=== Problem statement ===
Output all the data exactly as it appears below.

Records drawn from a dataset
============

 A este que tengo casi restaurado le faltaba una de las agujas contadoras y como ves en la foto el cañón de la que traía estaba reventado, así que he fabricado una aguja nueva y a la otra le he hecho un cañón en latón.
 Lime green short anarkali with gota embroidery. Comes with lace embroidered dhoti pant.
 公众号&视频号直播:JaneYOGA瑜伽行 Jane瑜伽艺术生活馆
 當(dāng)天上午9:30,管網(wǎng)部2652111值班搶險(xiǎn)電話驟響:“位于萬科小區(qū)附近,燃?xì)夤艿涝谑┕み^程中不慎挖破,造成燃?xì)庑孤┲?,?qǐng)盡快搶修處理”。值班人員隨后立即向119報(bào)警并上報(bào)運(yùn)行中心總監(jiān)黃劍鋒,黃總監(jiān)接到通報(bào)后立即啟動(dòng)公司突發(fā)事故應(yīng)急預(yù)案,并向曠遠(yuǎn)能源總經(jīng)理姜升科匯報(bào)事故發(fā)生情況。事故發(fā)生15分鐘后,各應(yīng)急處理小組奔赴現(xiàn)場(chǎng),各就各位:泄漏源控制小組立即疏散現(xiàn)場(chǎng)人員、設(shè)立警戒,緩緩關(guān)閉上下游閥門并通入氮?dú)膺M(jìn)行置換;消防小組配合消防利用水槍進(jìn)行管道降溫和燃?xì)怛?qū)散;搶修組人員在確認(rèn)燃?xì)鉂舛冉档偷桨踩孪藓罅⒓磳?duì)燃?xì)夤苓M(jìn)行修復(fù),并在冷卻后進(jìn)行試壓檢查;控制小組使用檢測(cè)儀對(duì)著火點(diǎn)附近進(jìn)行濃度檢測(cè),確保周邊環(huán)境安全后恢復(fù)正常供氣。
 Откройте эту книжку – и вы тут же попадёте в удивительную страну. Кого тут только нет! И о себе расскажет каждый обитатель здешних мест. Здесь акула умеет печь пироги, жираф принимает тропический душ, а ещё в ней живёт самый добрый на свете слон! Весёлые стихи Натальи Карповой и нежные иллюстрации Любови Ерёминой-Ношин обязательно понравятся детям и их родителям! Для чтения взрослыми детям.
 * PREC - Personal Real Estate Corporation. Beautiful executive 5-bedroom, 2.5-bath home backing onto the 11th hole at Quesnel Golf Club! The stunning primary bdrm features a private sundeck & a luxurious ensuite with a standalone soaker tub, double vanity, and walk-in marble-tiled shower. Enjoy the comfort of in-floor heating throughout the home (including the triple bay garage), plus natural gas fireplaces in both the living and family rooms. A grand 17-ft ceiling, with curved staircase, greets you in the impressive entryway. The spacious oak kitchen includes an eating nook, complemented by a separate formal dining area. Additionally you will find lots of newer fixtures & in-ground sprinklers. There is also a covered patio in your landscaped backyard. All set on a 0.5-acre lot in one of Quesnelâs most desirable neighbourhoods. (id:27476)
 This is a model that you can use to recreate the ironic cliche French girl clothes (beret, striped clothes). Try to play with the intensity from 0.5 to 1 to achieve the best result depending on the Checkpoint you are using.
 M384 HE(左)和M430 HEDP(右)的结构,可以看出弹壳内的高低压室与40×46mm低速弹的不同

============

=== Answer to this task ===
 A este que tengo casi restaurado le faltaba una de las agujas contadoras y como ves en la foto el cañón de la que traía estaba reventado, así que he fabricado una aguja nueva y a la otra le he hecho un cañón en latón.
 Lime green short anarkali with gota embroidery. Comes with lace embroidered dhoti pant.
 公众号&视频号直播:JaneYOGA瑜伽行 Jane瑜伽艺术生活馆
 當(dāng)天上午9:30,管網(wǎng)部2652111值班搶險(xiǎn)電話驟響:“位于萬科小區(qū)附近,燃?xì)夤艿涝谑┕み^程中不慎挖破,造成燃?xì)庑孤┲?,?qǐng)盡快搶修處理”。值班人員隨后立即向119報(bào)警并上報(bào)運(yùn)行中心總監(jiān)黃劍鋒,黃總監(jiān)接到通報(bào)后立即啟動(dòng)公司突發(fā)事故應(yīng)急預(yù)案,并向曠遠(yuǎn)能源總經(jīng)理姜升科匯報(bào)事故發(fā)生情況。事故發(fā)生15分鐘后,各應(yīng)急處理小組奔赴現(xiàn)場(chǎng),各就各位:泄漏源控制小組立即疏散現(xiàn)場(chǎng)人員、設(shè)立警戒,緩緩關(guān)閉上下游閥門并通入氮?dú)膺M(jìn)行置換;消防小組配合消防利用水槍進(jìn)行管道降溫和燃?xì)怛?qū)散;搶修組人員在確認(rèn)燃?xì)鉂舛冉档偷桨踩孪藓罅⒓磳?duì)燃?xì)夤苓M(jìn)行修復(fù),并在冷卻后進(jìn)行試壓檢查;控制小組使用檢測(cè)儀對(duì)著火點(diǎn)附近進(jìn)行濃度檢測(cè),確保周邊環(huán)境安全后恢復(fù)正常供氣。
 Откройте эту книжку – и вы тут же попадёте в удивительную страну. Кого тут только нет! И о себе расскажет каждый обитатель здешних мест. Здесь акула умеет печь пироги, жираф принимает тропический душ, а ещё в ней живёт самый добрый на свете слон! Весёлые стихи Натальи Карповой и нежные иллюстрации Любови Ерёминой-Ношин обязательно понравятся детям и их родителям! Для чтения взрослыми детям.
 * PREC - Personal Real Estate Corporation. Beautiful executive 5-bedroom, 2.5-bath home backing onto the 11th hole at Quesnel Golf Club! The stunning primary bdrm features a private sundeck & a luxurious ensuite with a standalone soaker tub, double vanity, and walk-in marble-tiled shower. Enjoy the comfort of in-floor heating throughout the home (including the triple bay garage), plus natural gas fireplaces in both the living and family rooms. A grand 17-ft ceiling, with curved staircase, greets you in the impressive entryway. The spacious oak kitchen includes an eating nook, complemented by a separate formal dining area. Additionally you will find lots of newer fixtures & in-ground sprinklers. There is also a covered patio in your landscaped backyard. All set on a 0.5-acre lot in one of Quesnelâs most desirable neighbourhoods. (id:27476)
 This is a model that you can use to recreate the ironic cliche French girl clothes (beret, striped clothes). Try to play with the intensity from 0.5 to 1 to achieve the best result depending on the Checkpoint you are using.
 M384 HE(左)和M430 HEDP(右)的结构,可以看出弹壳内的高低压室与40×46mm低速弹的不同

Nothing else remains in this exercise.